# northern CA -- women's training series -- Strawberry Fields Forever



## velogirl (Oct 14, 2005)

Hey all! Velo Girls will start a progressive training ride series leading up to Strawberry Fields Forever (May 18th). All women and girls are invited to participate.

Details at http://www.velogirls.com/team/enduranceEvents.php

*March 15th 2008 - 8:45 AM*
Team Velo Girls SFF Training Ride #1
Meet with Mellow Velo at Canada & 92
Woodside Out & Back -- 15 miles (mostly flat and rolling)

*March 22nd, 2008 - 8:45 AM*
Team Velo Girls SFF Training Ride #2
Meet at Menlo Park CalTrain Station
Portola Valley Loop - 25 miles (rolling)

*March 29th, 2008 - 8:45 AM*
Team Velo Girls SFF Training Ride #3
Meet at Mike's Bikes, Sausalito
Strawberry-Tiburon loop - approx. 30 miles (hilly)

*April 5th, 2008 - no ride*
(Cinderella Classic)

*April 12th, 2008 - 8:45am*
Team Velo Girls SFF Training Ride #4
Meet at the Orinda BART Station
Three Bears Loop - approx. 40 miles (hilly)

*April 19th, 2008 - 8:15am*
Team Velo Girls SFF Training Ride #5
Meet at Fremont BART
Calaveras Mini-loop 38 miles (long climb)

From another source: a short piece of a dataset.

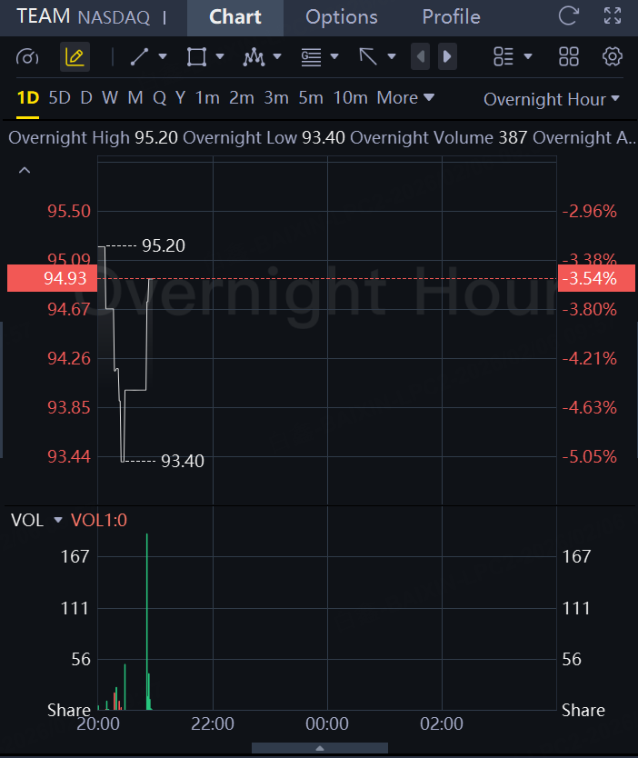 Atlassian Corporation PLC (TEAM) fell 3% in overnight trading, with significant selling pressure occurring during both intraday and after-hours trading sessions. The decline was driven by two primary factors. First, Truist Securities significantly reduced its price target for Atlassian from $210 to $150 while maintaining a Buy rating, a substantial 28.6% cut that likely prompted investor concern and selling during the regular trading session.

*April 26th, 2008 - 8:45am*
Team Velo Girls SFF Training Ride #6
Details TBD

*May 3rd, 2008 - 8:15am*
Team Velo Girls SFF Training Ride #7
Meet at Mike's Bikes, Sausalito
Pt. Reyes Station via Nicasio (approx. 60 miles) (hilly)

*May 10th, 2008 - 8:45am*
Team Velo Girls SFF Training Ride #8
(Cool-Down pre-event)
Meet at Burlingame CalTrain Station
Woodside Out & Back 30 miles (rolling)

*May 18th, 2008*
Strawberry Fields Forever
Watsonville

You'll find more details on these and all our rides and events on the Velo Girls calendar.


----------



## iliveonnitro (Feb 19, 2006)

Not sure how long this has been running, but great job getting this going.


----------



## velogirl (Oct 14, 2005)

Thanks, Nitro. Velo Girls has been around since 2002.


----------